His mother and future stepfather both scorned the gangs. She, a devout Roman Catholic, made churchgoing a regular routine for the family. Li’l Bear stayed in school, though he was a student without distinction.

It was on the streets of East Los Angeles that he met a gang member named Rick, who adopted him almost as his little brother. He bought Li’l Bear ice cream and took him to dinner and the movies.

“He would always tell me, ‘Don’t ever join a gang. Don’t ever become a drug dealer. Do something with your life,’ ” Li’l Bear recalled.

He still recalls with pain the day Rick’s luck ran out. Returning from the grocery store, he watched helplessly from across the street as a gangster accused Rick of stealing his car, then shot him in the head.

On that day, with that vivid example, Li’l Bear promised himself that he would never join a gang.

But years later, when his family moved to the San Fernando Valley, the lures of gang life--money, friendship, respect--remained strong, on the streets and in the schools. In a series of interviews, Li’l Bear recalled how even in church, gang members sat together.


The drift toward gangs began innocently. Back in the fifth grade he would kick back at a late-night party and maybe have a couple of drinks and smoke marijuana. By the sixth grade, the gang members had replaced his other friends, the ones who preferred playing football and Nintendo to stealing cars and taking drugs.

Crime was strictly optional, he said.

The new friends filled a void left by a deteriorating relationship with his siblings and his stepfather, who disapproved of his evolving way of life. The neighborhood, he said, provided an escape.

“When I was out with the buddies messing around I felt happy,” he said. “Like I found what was going to make me happy from the bottom of my heart.”

Inflated with newfound confidence, Li’l Bear began to relish his own bravado. He turned into a bully who became addicted to the respect--or fear--evident when he was in the company of his gang friends.

“I remember when me and my buddies used to walk down the hallway, people would look at us and they would actually get out of our way,” he said. “To me . . . this was the life.”

He savored the role of a cool brat who thrived on the fear that he triggered in others. The next step was donning gang attire, the Dickies, Nikes and white T-shirts. He cropped his hair short and slicked it back with Vaseline.


“You say to yourself, ‘I can dress like this and I can act like this,’ ” he said. “You keep on doing it until you say, ‘All right, I have the guts to go pull the trigger on somebody.’

“The way they interpreted it to me, if you want to do a drive-by, fine, if you don’t, you don’t,” he says. “But when it gets to the point when you are in junior high, that’s when they start revealing the reality of it to you.”

Li’l Bear recalled his decision to join the gang, which came while he was in seventh grade, sitting with a gang member in nutrition class.

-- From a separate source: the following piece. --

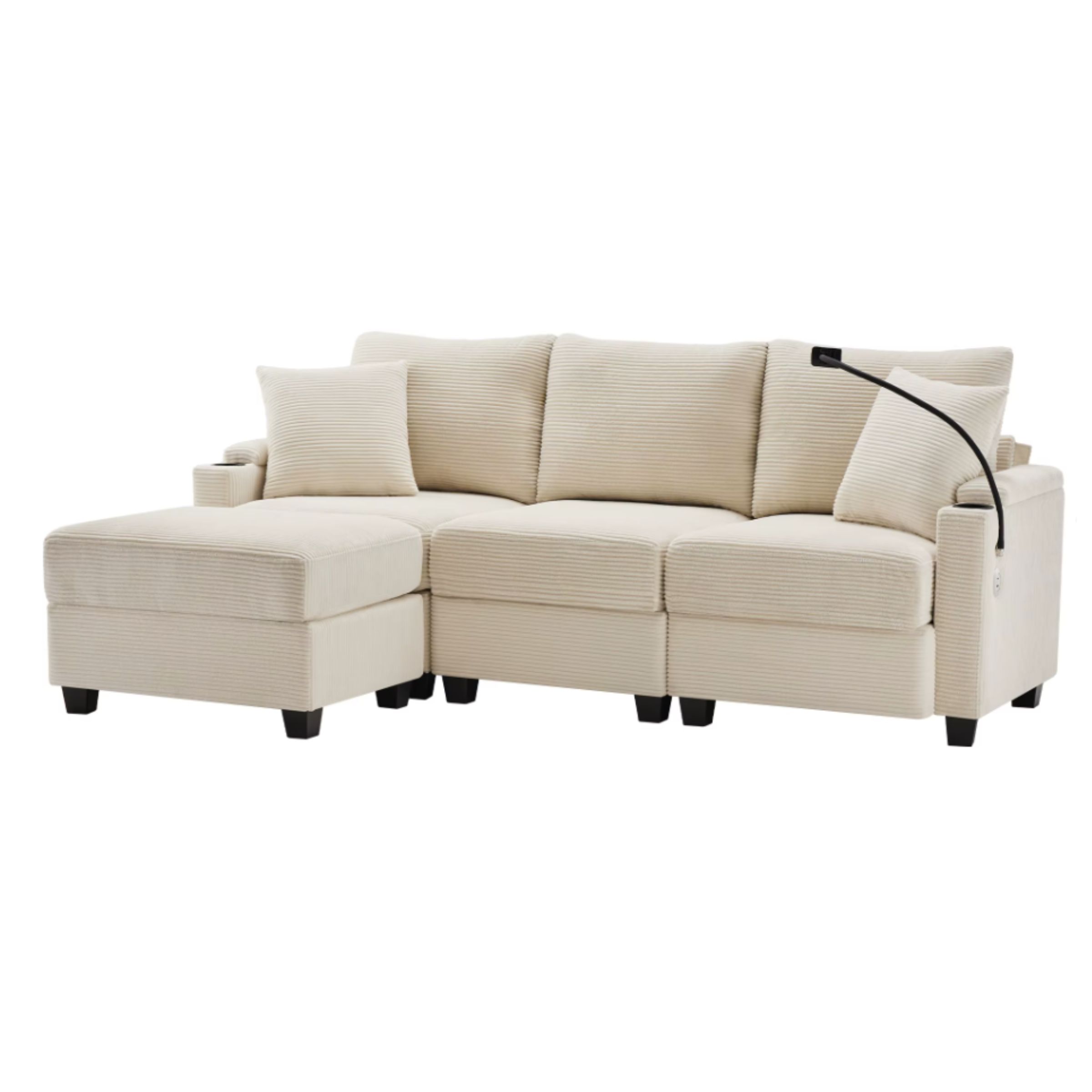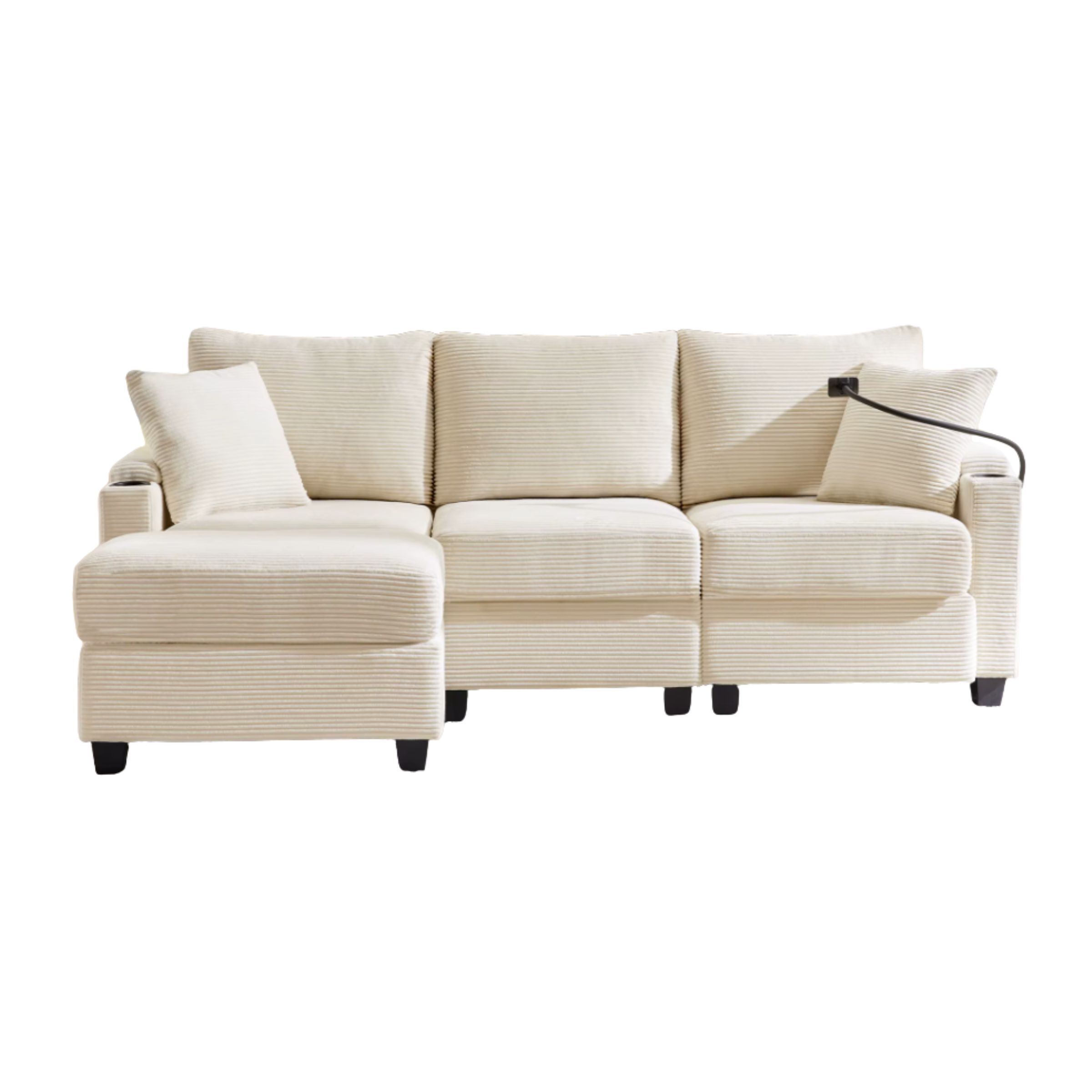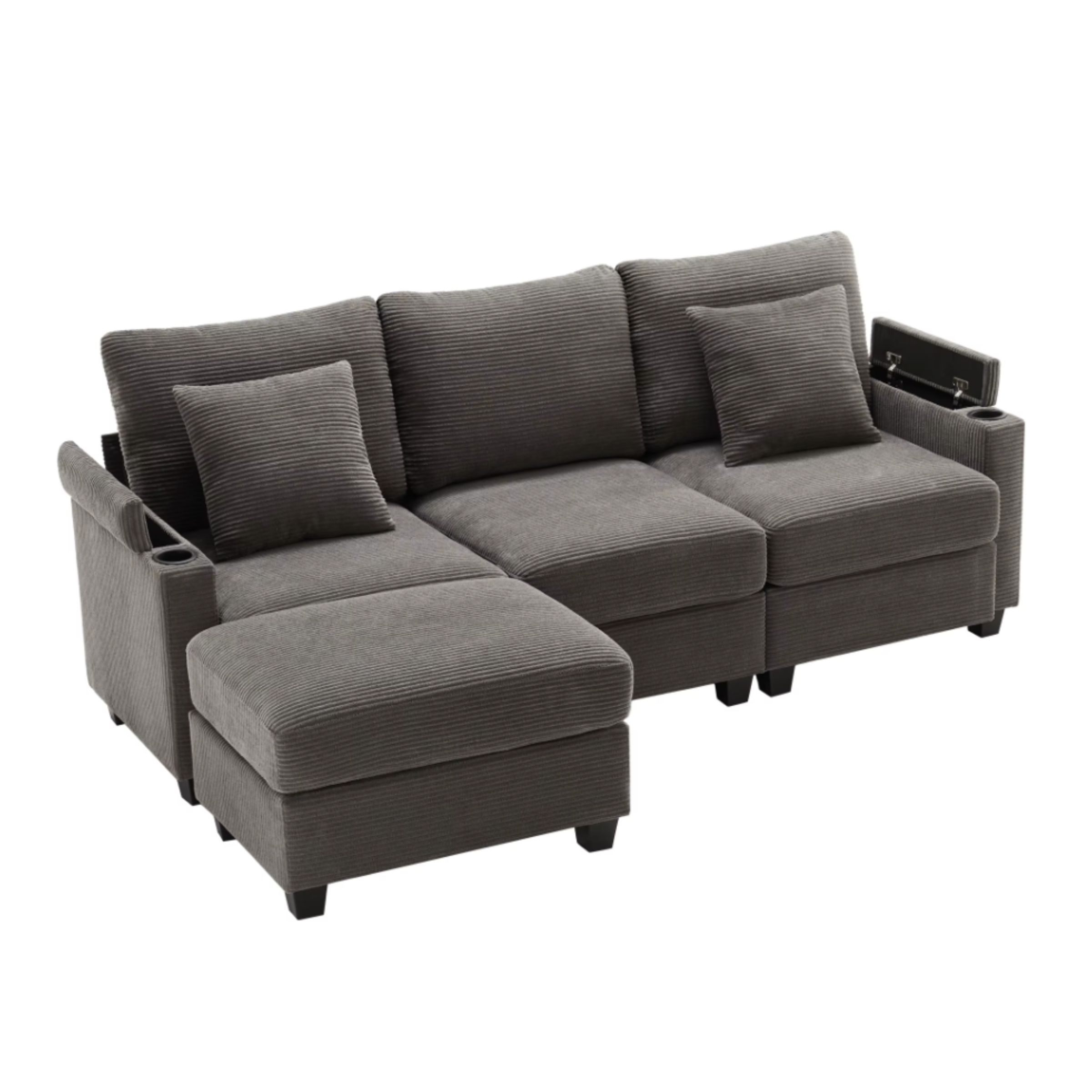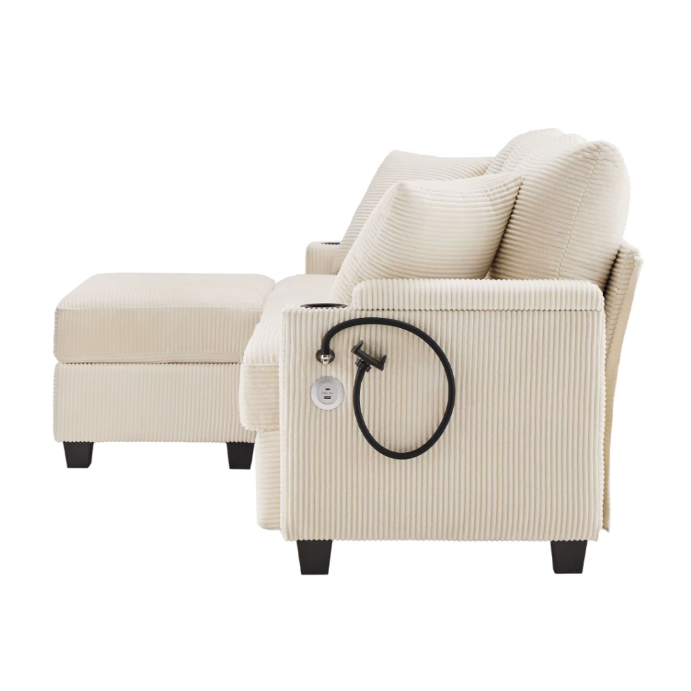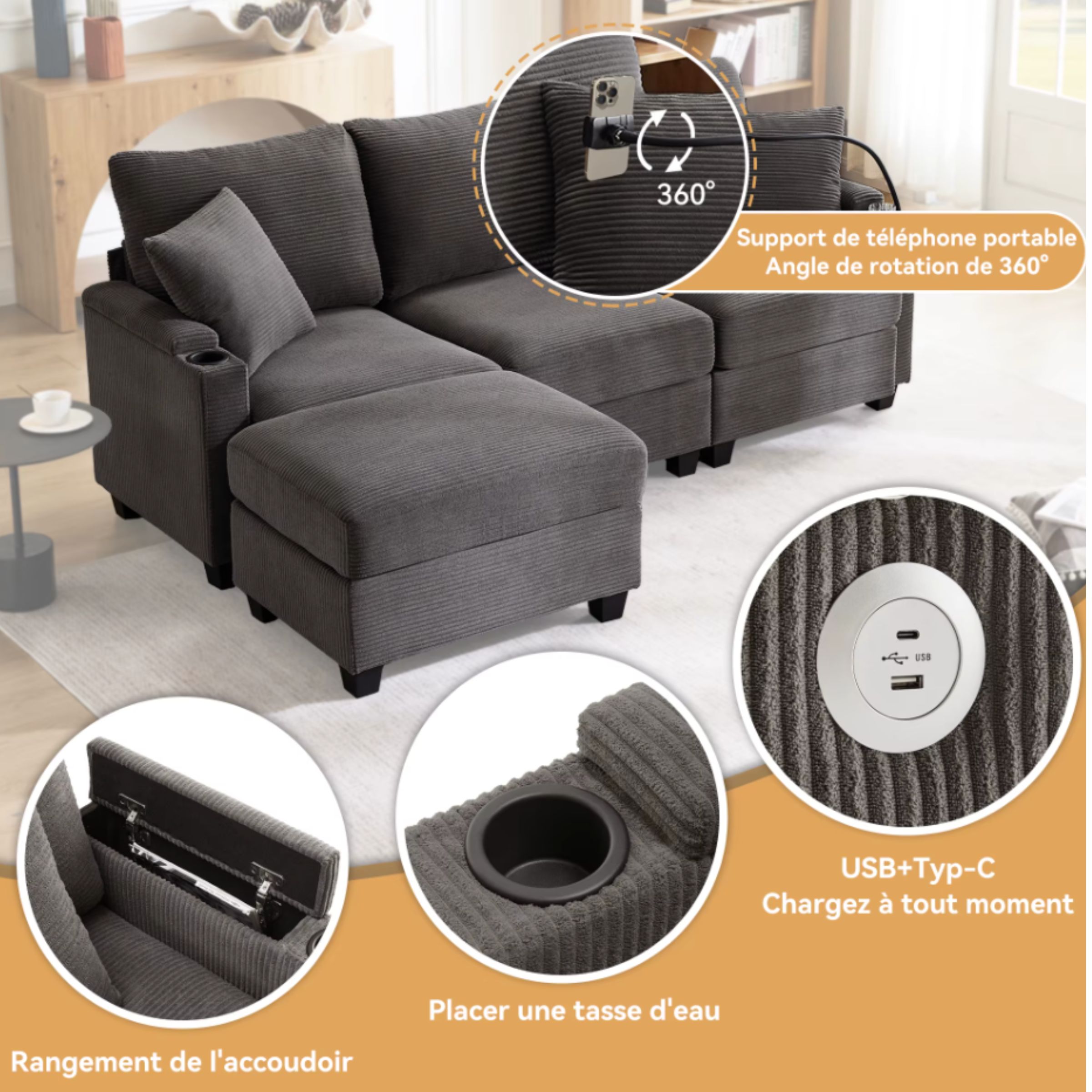 Pensé pour un usage moderne, ce canapé intègre un support de téléphone multifonction ainsi qu’un port USB latéral, pour recharger vos appareils sans quitter votre confort. Les accoudoirs ouverts avec rangements intégrés permettent de garder télécommande, téléphone ou écouteurs à portée de main, tout en conservant un salon ordonné.
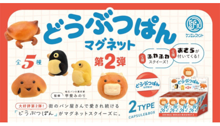 ケンエレファントは10月下旬に、地元パン愛好家である甲斐みのりさんの監修による、マグネットスクイーズ「どうぶつぱんマグネット 第2弾」を発売する。価格は、カプセルトイが1個400円、ブラインドBOXが1個440円。同社の公式オンラインショップ「ケンエレストア」では、ブラインドBOX6個セットの予約を受け付けている。

“I said it would be pretty good if I got ‘into the neighborhood,’ ” he told one of his gang friends. “He said, ‘Yeah, it would be good, you’d have more respect.’

“We went to a boy’s restroom and three guys just started jumping on me,” he says. “They hit me left and right and they kicked me for 15 seconds.”

As Li’l Bear tells it, the vividness of the memory lay not so much in the pain, but in what the bloody badge of gang initiation meant to those around him.


“For some reason I felt good,” he said. “I walked down the hallway and felt like I owned the whole world.”

Now a full-fledged street gangster, he would kick back with the boys at alleyway meetings in Van Nuys.

He stole cars. He mugged pedestrians. Soon he was present at drive-by shootings and drug deals.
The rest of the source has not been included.